The explosions took place just one day after Bangkok’s “Bike For Mom” event, a cycling event led by the Crown Prince Vajiralongkorn in honour of Queen Sirikit’s 83rd birthday, attended by thousands of cyclists.
Anusit Kunakorn, secretary of the National Security Council, said Prime Minister Prayuth Chan-ocha, the former army chief, was closely monitoring the situation. “We still don’t know for sure who did this and why,” said Deputy Prime Minister Prawit Wongsuwan. “We are not sure if it is politically motivated, but they aim to harm our economy and we will hunt them down.”
Although Bangkok has seen a period of relative calm since last year’s coup, there has been some tension in recent months, with the junta making clear that it may not hold elections until 2017 and wants a constitution that will allow some type of emergency rule to take the place of an elected government.
While bombings are rare in Bangkok, they are more common in southern Thailand, where a Muslim separatist insurgency has been flaring for several years.
The last major bombings in Bangkok occurred on New Year’s Eve at the end of 2006, when a series of bombs at celebrations around town killed at least three people and wounded dozens.
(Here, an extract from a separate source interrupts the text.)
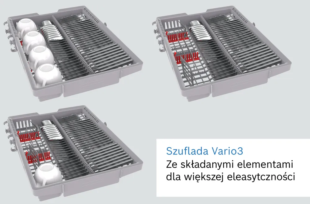 Jeśli nie masz kluczowego składnika, zmieniasz swoje menu. Czy Twoja zmywarka Slimline może równie elastycznie reagować na różne wyzwania? Kosze VarioFlex i szuflada Vario3 mogą, dzięki wszechstronnej szufladzie na sztućce w połączeniu z górnym koszem o regulowanej wysokości. Dostosuj przestrzeń do swoich potrzeb dzięki 6 składanym przegrodom, 2 półkom na filiżanki, 2 elementom antypoślizgowym i podpórce na kieliszki. Chwyć więc za eleganckie uchwyty kosza i wyciągnij więcej opcji załadunku.

Those bombings occurred just three months after a military coup ousted Prime Minister Thaksin Shinawatra, and there was speculation that his supporters carried out the attacks in revenge. However, the bombings were never solved.
The 2006 coup set off a battle for power among Mr Thaksin’s supporters and opponents, sometimes in the form of violent protests. Protesters from both sides sometimes faced armed attacks by unknown groups, with more than 90 people killed in 2010 during pro-Thaksin demonstrations that were quashed by the army. The focus of the 2010 protests was the same intersection where Monday’s blast took place.
In March this year, several arrests were made in connection with a grenade that was tossed at Bangkok’s Criminal Court. Those detained were apparently sympathizers of the pro-Thaksin Red Shirt movement. Critics of the current military government say some of the bombings may have been carried out by the junta to justify its continued suppression of basic rights and liberties. The government denied that.
In April, a car bomb exploded at a shopping mall on the resort island of Samui, injuring seven people. The motive was unclear, though the government suggested it was linked to politics.
Erawan Shrine: A sacred, troubled spot
The Erawan Shrine has quietly become one of Bangkok’s most sacred spaces. It is dedicated to Thao Maha Brahma, the Hindu god of creation, and was built in the 1950s in a bid to bring luck to the builders of a hotel. Featuring four faces representing kindness, mercy, sympathy, and impartiality, the statue attracts hundreds of worshippers each day.
In 2006 a mentally ill man attacked the Erawan’s four-faced statue with a hammer. A group of devotees chased him down and beat him to death.
During a red-shirt rally in 2010, protesters set a stage with its back to the Thao Maha Phrom statue, believing it would strengthen their cause. Yesterday’s attack will have its spiritual relevance under scrutiny once again.